幸いなことに、こんな無茶な突撃をしているわりには、仲違いが起きたことが無いため、有効な手段と言える。深雪もこれに対して不快感を示すようなことは無かった。
「ハルカちゃんが決めてる就寝時間まではまだ時間があるし、こうやって集まるのも許可は取ってあるのよ。だから、ギリギリまで駄弁りましょ」
「本当ならお菓子とか用意したかったんだけど、ハルカちゃんに遅い時間のオヤツはダメって言われてるからねぇ。パジャマパーティーと言ったらお菓子とジュースだって子日思うんだけどなー」
言いながらも深雪のベッドに腰掛ける子日。続いて睦月も同じように腰掛けた。
「深雪さんは眠くなかったですか? いきなりこんなことになってますけど、眠たかったらお開きでも大丈夫ですよ?」
「大丈夫大丈夫。あたしも寝よっかなとは思ってたけど、眠たいって感覚は多分無いから。むしろ、こうやってみんなと話せる方が楽しくて嬉しいよ」
「それならよかったです」
少し心配そうにしていた秋月も、深雪が好意的に受け入れてくれていることがわかると、ホッと安心してその場に腰を下ろした。
「梅も同じように突撃されたんですよね……やる側となるとちょっとワクワクしちゃいました」
「じゃあ、次に新人が入ったらあたしもこれやることになるんだな」
「仲良くなるためには大事、大事なことですからね」
この中では梅が最も新人らしく、深雪という後輩が出来たことには少なからず喜んでいる様子。このアポ無しパジャマパーティーに関しては、された時には戸惑っていたようだが、今はすっかりこの鎮守府の風潮に慣れ、今回は抵抗なく参加したとのこと。
「さっきの歓迎会でみんなと話が出来ていたと思うけど、私達はもっと仲良くなっておかなくちゃいけないからね。この時間でいろいろ話して、仲良くなりましょ。ここでも主役は深雪だからね」
「つっても、あたしから話せることなんて何も無いぜ? 今日生まれたばっかなんだし」
「それでもいいのよ。この鎮守府に思った感想とか、何か知りたいこととか、何でもいいから話が出来ればそれでいいの」
主役は深雪ではあるが、主催は神風。リーダーシップを遺憾無く発揮し、駄弁るだけのパジャマパーティーも楽しく回していく。
ただそれだけで、深雪はまたこの鎮守府に馴染むことが出来ていった。同世代のような駆逐艦達と楽しくお喋りというのは、やはり人間の姿にならなくては出来ないこと。何度でも、人間の身体になれたことを喜んだ。

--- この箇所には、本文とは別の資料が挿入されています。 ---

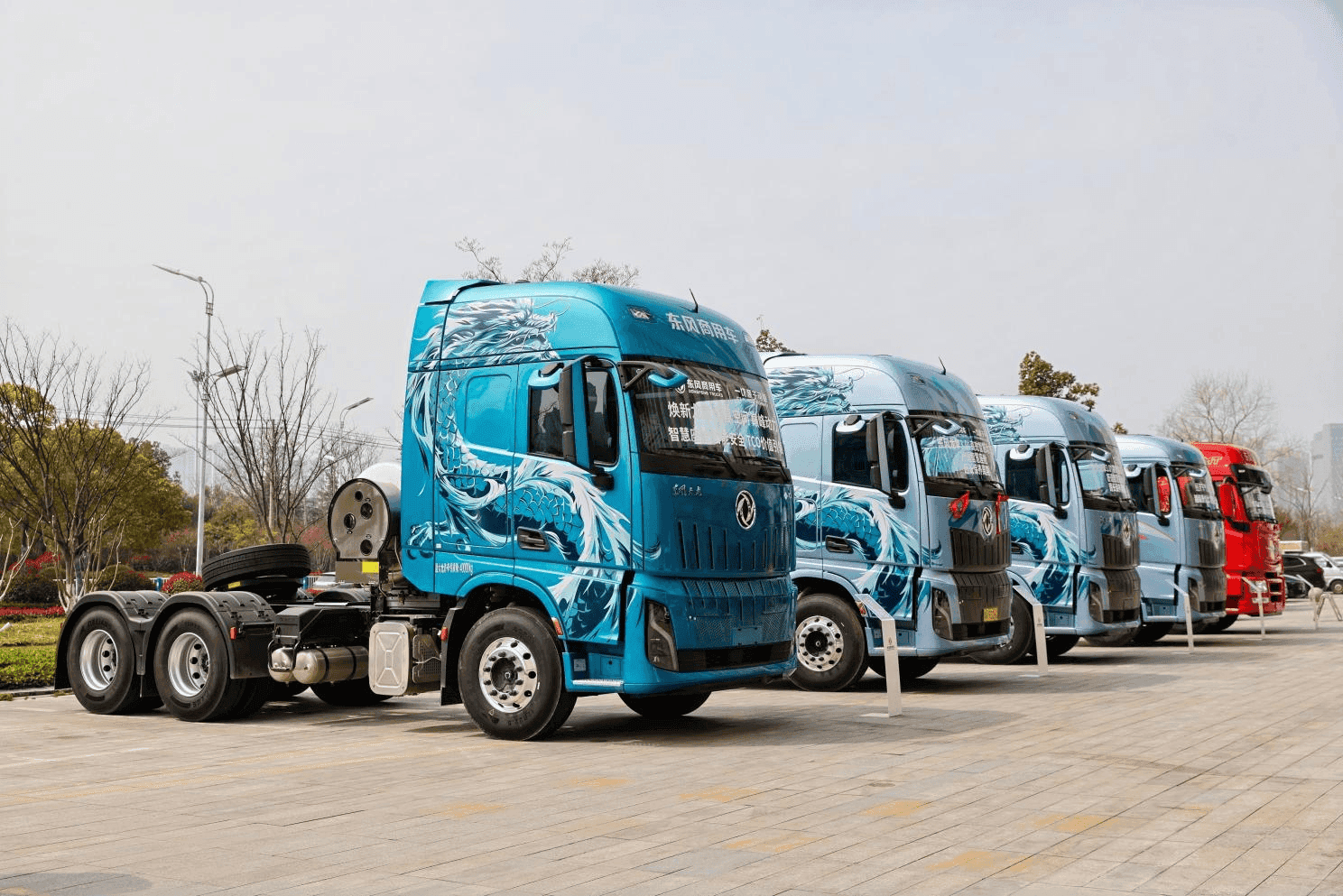 活动外场,5台搭载龙擎 3.0⁺高效智慧动力链的东风天龙新KL车型整齐列队、接受客户检阅;2款龙擎 3.0⁺高效智慧动力链展品吸引着行业媒体们驻足讨论、争相点赞。

こうして深雪の初めての1日は終わる。まずは駆逐艦仲間との親交を深め、より鎮守府に馴染んでいく。
夜更かしをしないように、鎮守府の私室の前には電気が点いているかどうかがわかるようになっています。就寝時間後に伊豆提督かイリスが見回りをして、それを見てちゃんと眠っているかを確認するという感じ。修学旅行かな?